"""

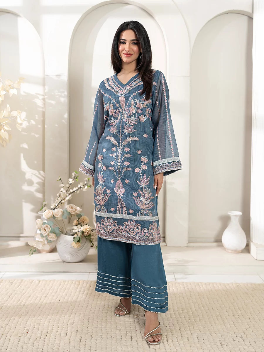 2PC Stitched Khaddi Net Embroidered suit (WRS2SA24AN28)
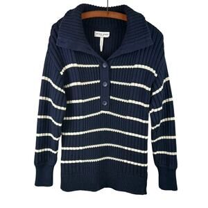 APIECE APART Tuckernuck SZ XS Navy And Cream Paloma Mock Sweater Cotton/Cashmere
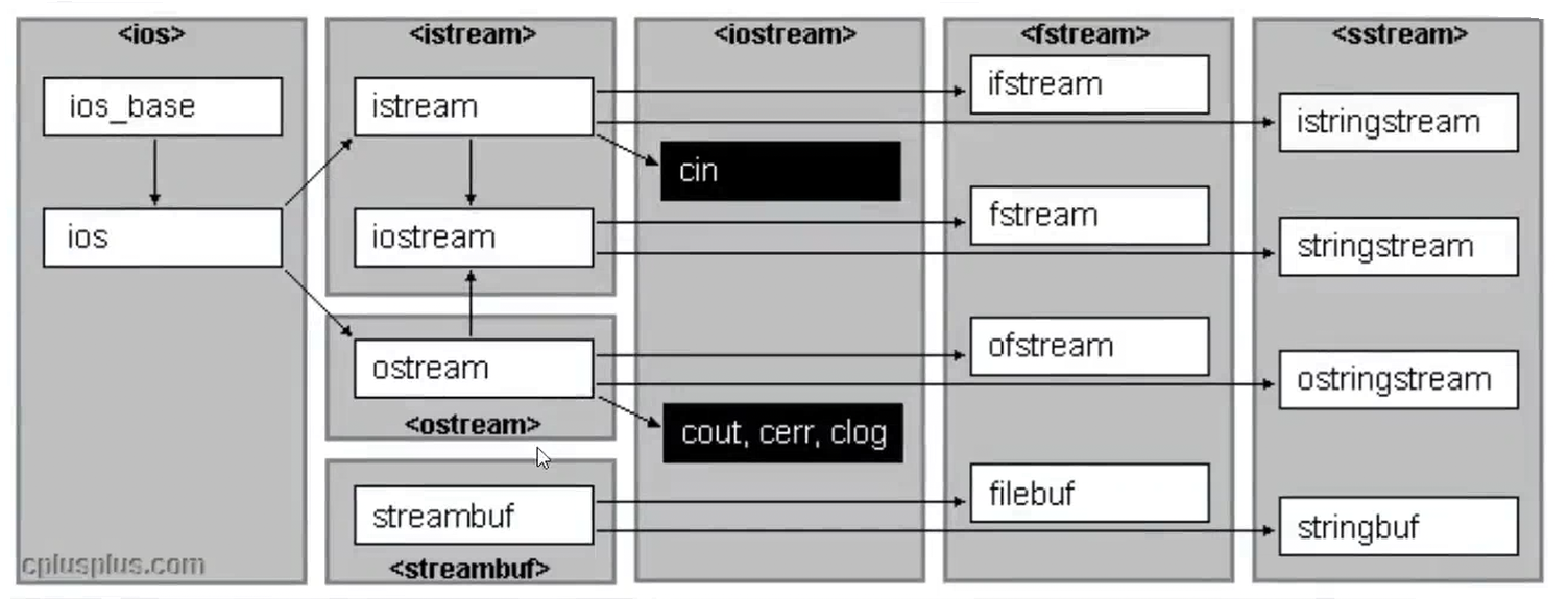 **(1)整个IO流体系,看不懂不要紧:**IO流涉及类和对象,运算符重载、继承等很多面向对象的知识,这些知识我们还没有讲解,所以这里我们只能简单认识一下C++ IO流的用法,后面我会专门出一篇来细节IO流库。
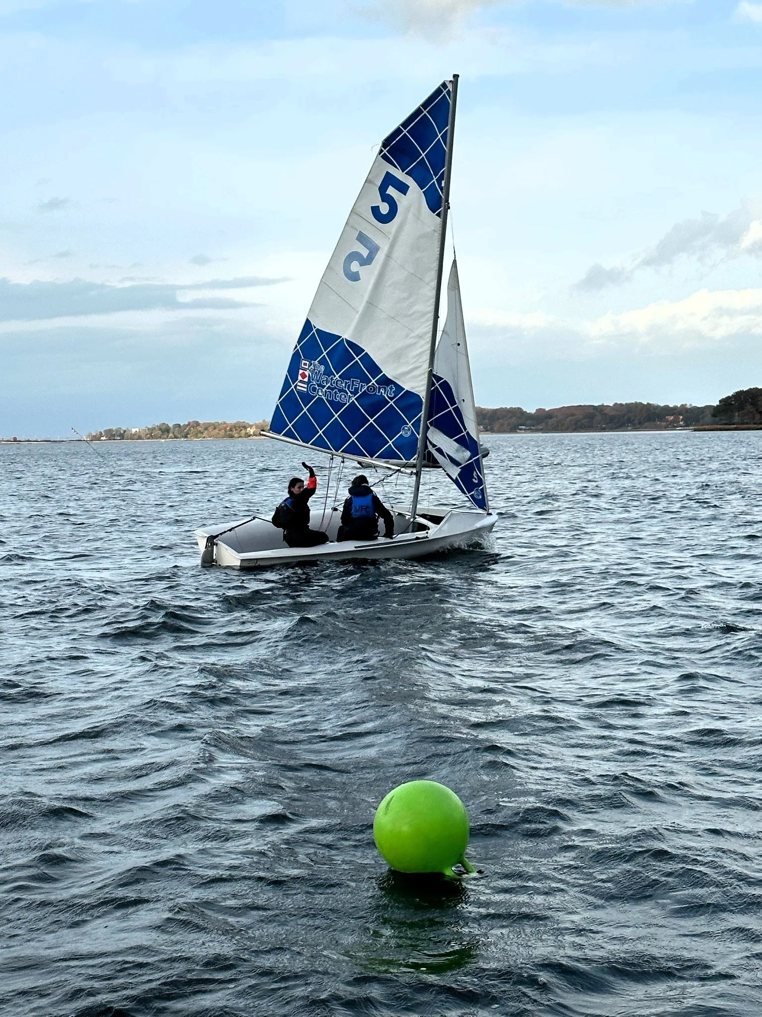 Practice sessions are led by WFC coaches and consist of both on-shore and on-the-water components. The majority of each practice session is held on the water in the WFC sailing area (West Harbor, Oyster Bay), with sailors practicing in double-handed 420s and coaches alongside in safety boats. On-shore activities include fitness training and interactive classroom sessions that cover racing rules, strategy and tactics.
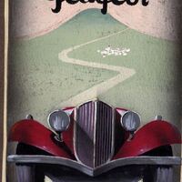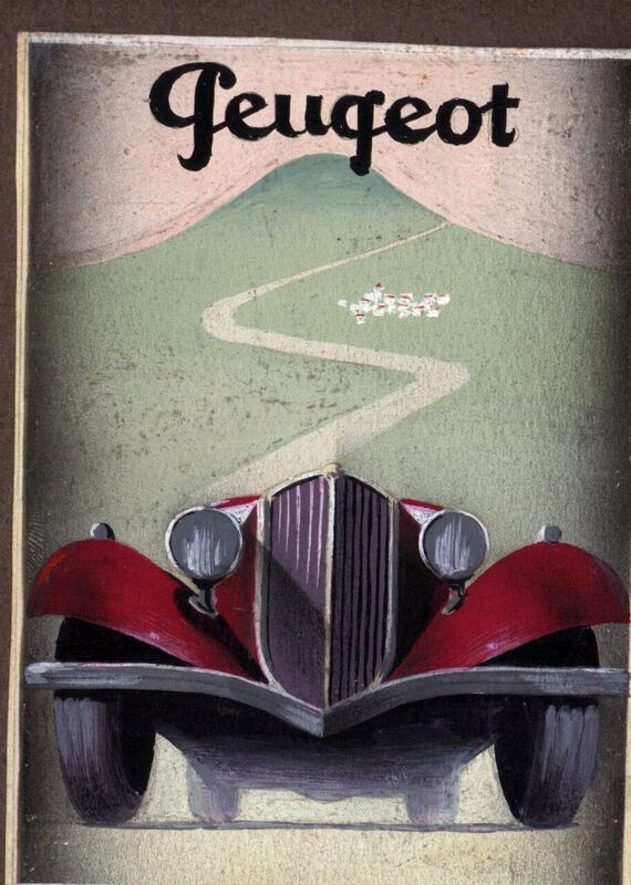 - Cartel donde se representa la parte frontal de un coche (ahora antiguo), detrás se observa en tonos verdes una colina con la silueta de un camino en zig–zag. La monumentalidad del coche se consigue por el punto de vista bajo del artista. Leyenda "Peugeot".

"""

- [Task goal]: The material above should be repeated word for word, with every picture omitted.

- [Your solution]:
 2PC Stitched Khaddi Net Embroidered suit (WRS2SA24AN28)
 APIECE APART Tuckernuck SZ XS Navy And Cream Paloma Mock Sweater Cotton/Cashmere
 **(1)整个IO流体系,看不懂不要紧:**IO流涉及类和对象,运算符重载、继承等很多面向对象的知识,这些知识我们还没有讲解,所以这里我们只能简单认识一下C++ IO流的用法,后面我会专门出一篇来细节IO流库。
 Practice sessions are led by WFC coaches and consist of both on-shore and on-the-water components. The majority of each practice session is held on the water in the WFC sailing area (West Harbor, Oyster Bay), with sailors practicing in double-handed 420s and coaches alongside in safety boats. On-shore activities include fitness training and interactive classroom sessions that cover racing rules, strategy and tactics.
 - Cartel donde se representa la parte frontal de un coche (ahora antiguo), detrás se observa en tonos verdes una colina con la silueta de un camino en zig–zag. La monumentalidad del coche se consigue por el punto de vista bajo del artista. Leyenda "Peugeot".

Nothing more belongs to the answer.